Ganesha Upadhyaya: PhD Final Oral

Ganesha Upadhyaya
Friday, November 17, 2017 - 10:00am
223 Atanasoff
Event Type: 

First Name: Ganesha
Last Name: Upadhyaya
Major Professor:  Rajan, Hridesh
Committee Member 1:  Aduri, Pavankumar
Committee Member 2:  Le, Wei
Committee Member 3:  Lutz, Robyn
Committee Member 4: Arun Somani

Status:  PhD Final Oral
Date: Fri, 2017-11-17
Time: 10:00 am
Location: 223 Atanasoff Hall

Title: Collective Program Analysis
Abstract: Popularity of data-driven software engineering has led to an
increasing demand on the infrastructures to support efficient execution of
tasks that require deeper source code analysis. Extant techniques have
focused on leveraging distributed computing to meet the demand, but with a
concomitant increase in computational resource needs. This thesis presents
collective program analysis (CPA), a technique for scaling large scale source
code analysis by leveraging analysis specific similarity. Analysis specific
similarity is about, whether two or more programs can be considered similar
for a given analysis. The key idea of collective program analysis is to
cluster programs based on analysis specific similarity, such that running the
analysis on one candidate in each cluster is specific to produce the result
for others. For determining the analysis specific similarity and for
clustering analysis-equivalent programs, we use a sparse representation and a
canonical labeling scheme. A sparse representation contains only the parts
that are relevant for the analysis and the canonical labeling helps with
finding isomorphic sparse representations. In a nutshell, two or more
programs with same sparse representation must behave similarly for the given
analysis.

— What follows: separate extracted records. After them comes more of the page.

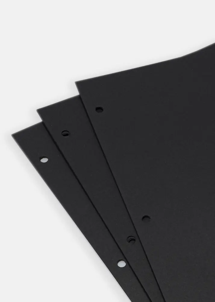 Feuilles d'album correspondant à notre série d'albums tendances KAILA Coffee Table Album XL. Ces feuilles noires ont leur côtés perforés pour faciliter leur assemblage dans le classeur de l'album. Vous collez vous-même vos photos préférées sur les pages, ce qui vous permet de laisser libre court à votre créativité dans la façon dont vous allez placer vos photos.
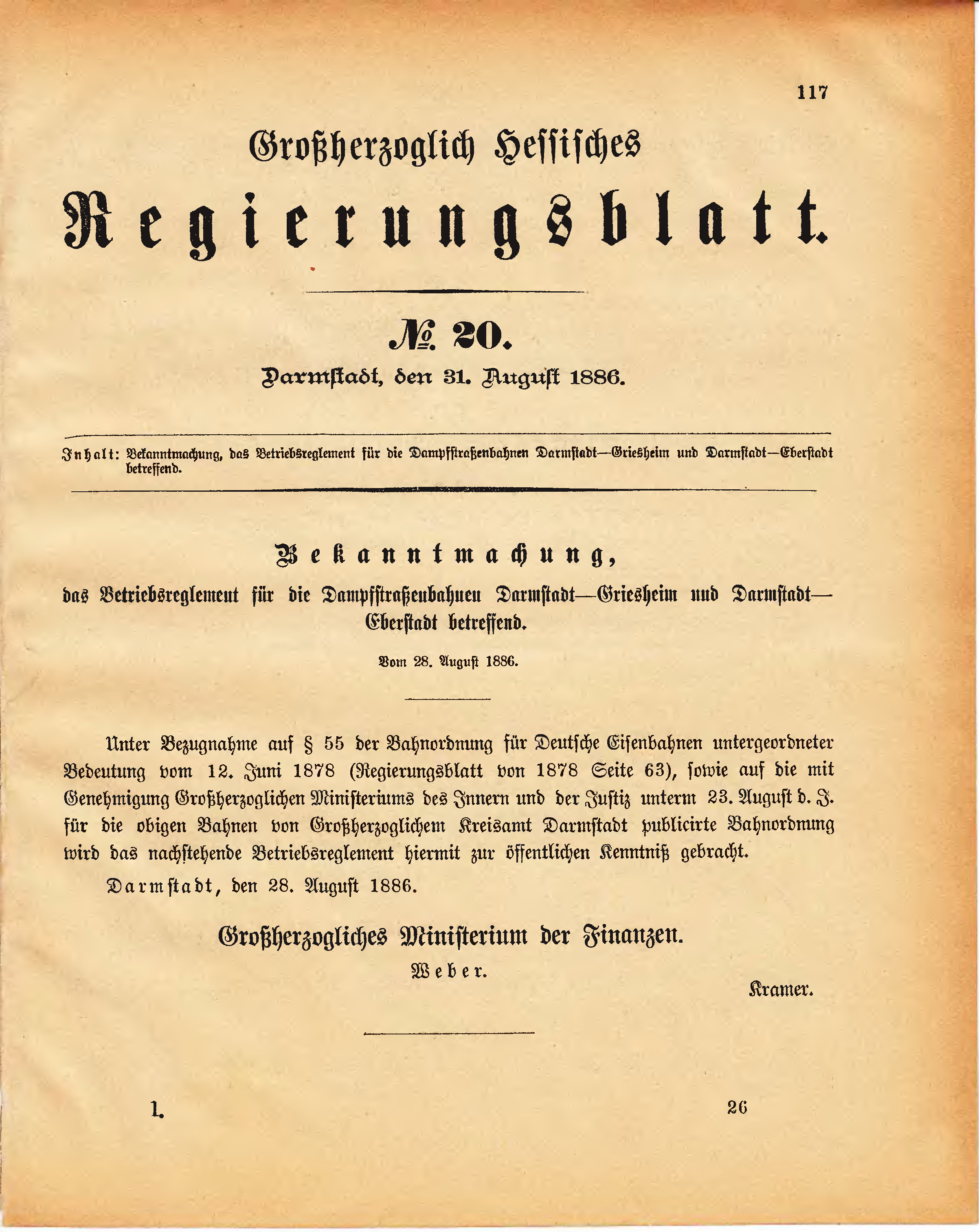| Inhalt: | Bekanntmachung, das Betriebsreglement für die Dampfstraßenbahnen Darmstadt-Griesheim und Darmstadt-Eberstadt betreffend. |
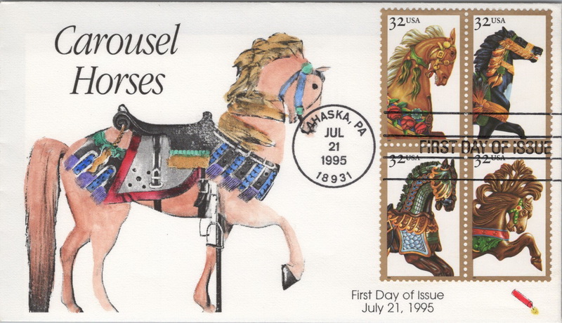 | | 1990s | | 1223 | 2979a | 7/21/1995 | Carousel Horses, block of 4; Dynamite Cover; HCD; 64 made | $20.00 |
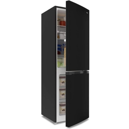 Praktické uložení potravin umožňují 3 nastavitelné police a jeden úložný box v chladicí části a tři šuplíky v mrazáku. Ve dveřích najdete poličku na nápoje a dvě horní poličky na drobnější potraviny. Dveře je možné nastavit pro levé nebo pravé otevírání.
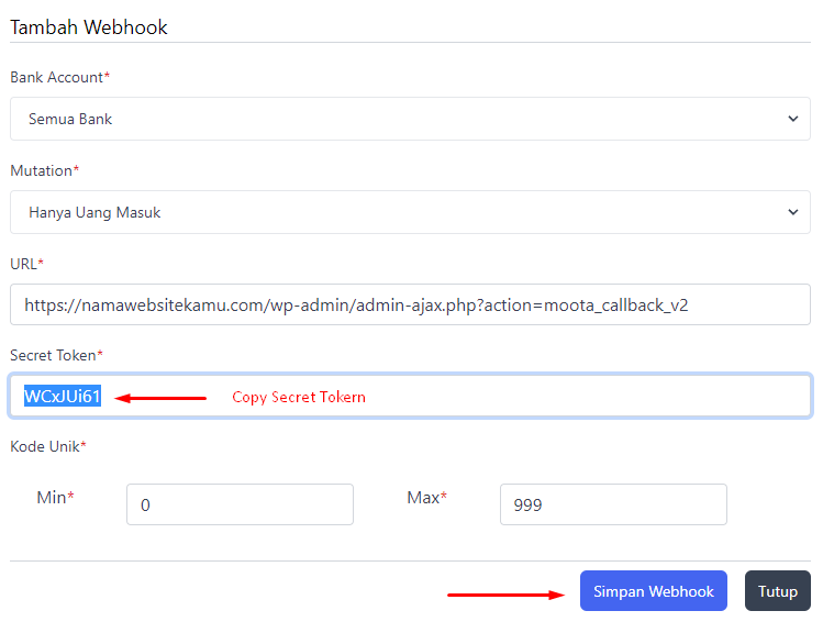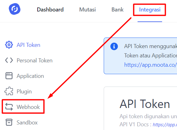 - Setting Webhook di Moota

Our evaluation shows that for a variety of source code analysis
tasks when run on a large dataset of programs, our technique is able to
achieve substantial reduction in the analysis times; on average 69% when
compared to baseline and on average 36% when compared to a prior technique.
We also show that there exists a large amount of analysis-equivalent programs
in large datasets for a variety of analysis.